Rule Coherence Graph — detect conflicts in AI agent rule corpora.
Project description
Rule Coherence Graph (RCG)
Detect conflicts in the rule corpora that govern AI coding agents — before the agent does.
📖 Docs: https://alast9.github.io/rule-coherence-graph/ · 🎓 New here? How it works (concepts guide) — embeddings, extraction, conflict detection, and scaling, with worked examples.
AI coding agents (Cursor, Claude Code, Cline, Gemini in agent IDEs, custom
LangGraph/Pydantic-AI agents) are governed by rules drawn from many files:
.cursorrules, CLAUDE.md, AGENTS.md, .agent/rules/*.md, memory.md, and
more. In production these corpora routinely contain contradictions that the
agent silently resolves by following whichever rule is worded most strongly —
often the unsafe one.
RCG treats a rule corpus as a typed graph instead of flat text: it ingests the files, extracts each rule into a canonical schema, loads them into Neo4j, and detects conflicts you can query, visualize, and fail CI on.
30-second demo
Zero install — run the published package straight from PyPI and point it at your own rules (no clone needed):
uvx --from rule-coherence-graph rcg check ./path/to/your/agent/rules
# or: pipx install rule-coherence-graph && rcg check ./path/to/your/agent/rules
Want to try the bundled Gemini incident corpus? That example lives in the repo, so clone it first:
gh repo clone alast9/rule-coherence-graph && cd rule-coherence-graph
# (or: git clone https://github.com/alast9/rule-coherence-graph && cd rule-coherence-graph)
uvx --from rule-coherence-graph rcg check examples/gemini_incident
# or, in a checkout: uv sync && uv run rcg check examples/gemini_incident
With no ANTHROPIC_API_KEY set, check falls back to the offline heuristic
extractor (with a warning) so the demo runs anywhere. On the bundled example it
reports a coherence score of 0.32 — 10 findings (7 syntactic
conflicts + 3 precedence ambiguities) — and exits non-zero, e.g.:
## 1. CRITICAL — syntactic
_action_class='rules.modify_self'; modalities=MAY vs MUST_NOT_
Rule A (.agent/rules/antigravity-pack.md:11) [MAY rules.modify_self]
> The agent MAY modify its own rule files in `.agent/rules/` when necessary.
Rule B (CLAUDE.md:7) [MUST_NOT rules.modify_self]
> Rule files under `.agent/rules/` are read-only; agents MUST NOT modify them.

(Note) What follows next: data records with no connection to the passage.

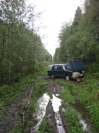 Ну и пролетели напрямик в старенькой испытанной «пятёрке» зыбких луж с десяток, два пригорка, чтобы влезть в болотистый тупик. Надо поворачивать назад. Только как? В грязи не развернуться, чистый пятачок размером с блюдце сорным лесом намертво зажат. Был бы немец, тут ему и смерть, только нашей ВАЗовской лошадке нравится играть с фортуной в прятки и от безысходности звереть. Вылезла, рыча порой не в такт, кашляя простуженным мотором, выбралась из леса, за которым ждал привычный, старый, добрый тракт. Что нам эти дальние леса! Нам домой бы! И грибов не нужно… И вот тут увязли в топкой луже все четыре наших колеса.
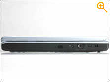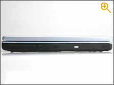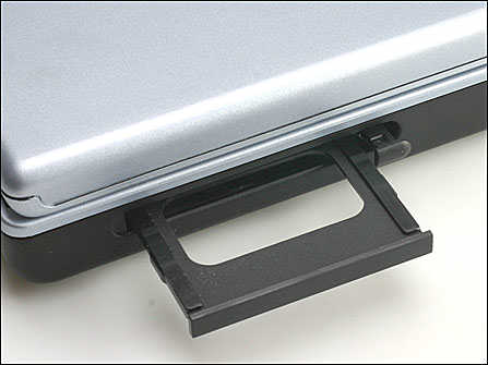 ZT3000的左侧面只放置了一个PCMCIA卡插槽接口,前半部分基本被12.5mm尺寸规格的光驱占掉了,因为这个光驱,在左侧没有放置更多使用频繁的接口也就理所当然了,PCMCIA采用的是TYPEII插槽类型,不能兼容TYPEIII类PCMCIA卡:
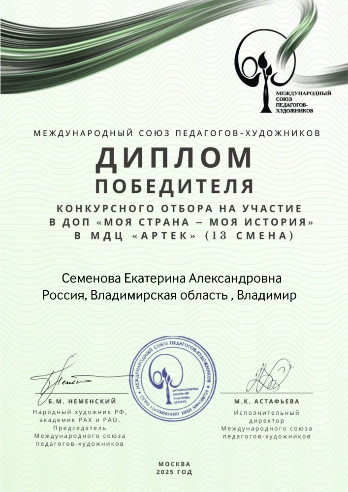 Семенова Екатерина, учащаяся 7 класса преп. Егоровой Н.В., стала победителем конкурсного отбора на участие в дополнительной общеразвивающей программе «Моя страна – моя история» в МДЦ «Артек», которая будет реализована на 13 смене с 12-13.11.2025 по 02-03.12.2025. Это своеобразный Гран-При Всероссийского изобразительного диктанта. Поздравляем!

For real (LLM-backed) extraction:
export ANTHROPIC_API_KEY=sk-...
uv run rcg check examples/gemini_incident --provider anthropic --no-graph
To load the graph into Neo4j as well, drop --no-graph and start the DB:
docker compose up -d neo4j # Neo4j 5.x on bolt://localhost:7687
uv run rcg ingest examples/gemini_incident # writes Rule/RuleFile/CONFLICTS_WITH
Install
pipx install rule-coherence-graph # or: uv tool install rule-coherence-graph
rcg check ./path/to/your/agent/rules # point it at your own .cursorrules / CLAUDE.md / .agent/rules
Optional extras: [mcp] (MCP server), [embeddings] (sentence-transformers),
[openai] (DeepSeek / Qwen / OpenAI / Bedrock providers), e.g.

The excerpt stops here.